There are two kinds of part-time employees, according to economists: The “good” kind and the “bad” kind. Although that description oversimplifies things, it helps to create a sharper picture of what’s going on in the workforce.
The bad kind: workers who want full-time work, but can’t find it right now. These are the partially employed people that the Fed and other economists are worried about — as they should be. The number of these workers remains high at 7.1 million, but their ranks have thinned significantly — by 23% — over the past five years.
“There are still too many people who want jobs but cannot find them, too many who are working part-time but would prefer full-time work,” said Fed Chairman Janet Yellen in a Sept. 17 press conference. The issue is still at the top of the Fed’s concerns, representing a “significant underutilization of resources.”
“Part-time workers have come down quite a bit,” said Liz Ann Sonders, chief investment strategist for Charles Schwab (SCHW). She added that the decline is similar to what has happened following past economic downturns.
The trend in the number of involuntary part-time workers has been similar to past recessions, and, on an adjusted basis, actually peaked lower than the resulting damage from the early-1980s recession, according to a study by the Federal Reserve Bank of San Francisco.
There’s certainly more work to be done to bring those involuntary part-timers into the full-time workforce, but that’s only half the part-time employment story.

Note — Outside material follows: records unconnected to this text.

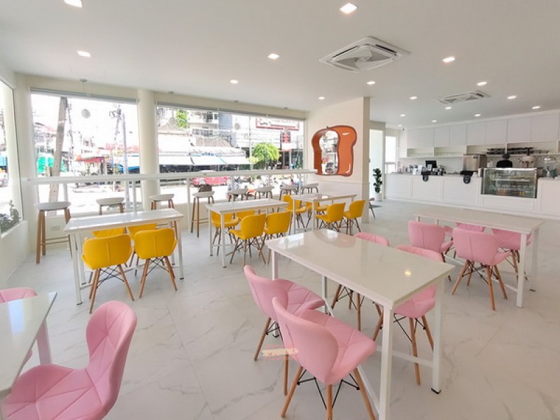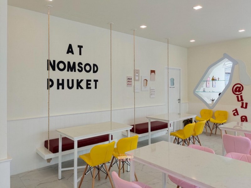 AT Nomsod Phuket is a pleasant, nice style coffee and milk shop. It offers milk desserts, waffles, Thai toast such as custard, sugar butter and buttermilk. They also serve chocolate brownies with ice cream. Drinks there is choice of hot and cold coffees, sodas, smoothies, cocos, teas, chocolate and milk drinks including Thai Pink Milk. AT Nomsod Phuket is situated in Phuket Town, a few metres from the Crystal Inn and adjacent to Kim's Massage and Spa 6. It is around 5 minutes walk from the Robinson Department Store.
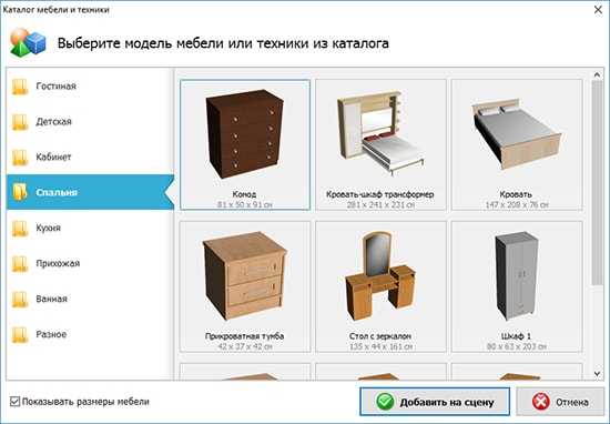 - ✓ 100+ предметов мебели для обустройства комнат. Добавляйте нужные элементы на план, настраивайте их положение, размер и вид до самых мелочей!
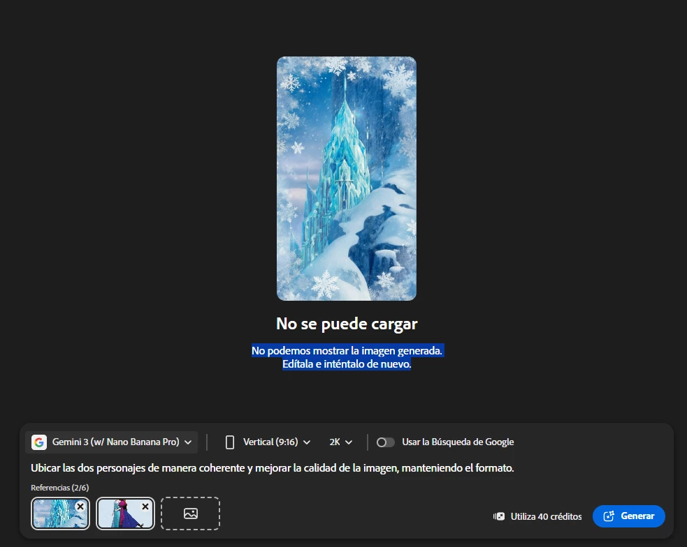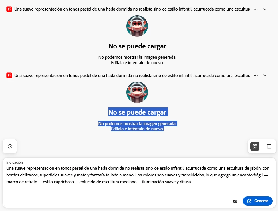 En Texto a Imagen: Desde hace un tiempo sólo me genera casi la misma imágen cada vez que cambio detalles en el prompt. Ahora además todo el tiempo me aparece ese texto: Que no se puede mostrar la imagen generada.

The good type of part-time workers are those who do it by choice: Students, or parents who want to take care of their family, or people who otherwise want more flexibility sometimes choose part-time jobs.
The number of these workers is actually rising as the economy improves. This points to a larger structural change that’s happening in the employment market, and a portion of this is because of a shift by aging Baby Boomers.
The number of people choosing a more flexible work schedule has grown by 1 million since 2009. Older workers, those over 65 who would normally be retired, are a huge part of this trend. You may see them greeting shoppers at Wal-Mart (WMT), or giving directions at Disney World.
“When you look at age distribution, a lot of workers that are choosing to work part time are older workers that in the past would be retired,” Sonders said. “We’re living longer and healthier than we’ve been before, and many people are not willing to retire at 65 and sit around.”
Nearly 65% of Baby Boomers — roughly speaking those born between 1946 and 1964 —say they want to work after age 65, and many envision moving into jobs that require fewer hours, according to a study by Transamerica Center for Retirement Studies.
In fact, the labor force participation of those over 65 has been steadily increasing — a combination of the aging Baby Boomers and the changing expectations of retirement.
Keeping older people in the workforce and contributing to economic output — especially given the large population of Boomers — could help push the economy along. And, given the plodding recovery, any boost big or small is welcome.
While this is good news for many older workers who aren’t ready to spend all day in front of the TV, or on the golf course, it has an unintended side effect: suppressed wages.
Part-time workers, both by choice and because of economic reasons, are holding down overall wage increases and, thus, inflation. If large numbers of workers choose to stay part-time, wages may not rise as quickly or as much as some hope. That, again, is both good news and bad news.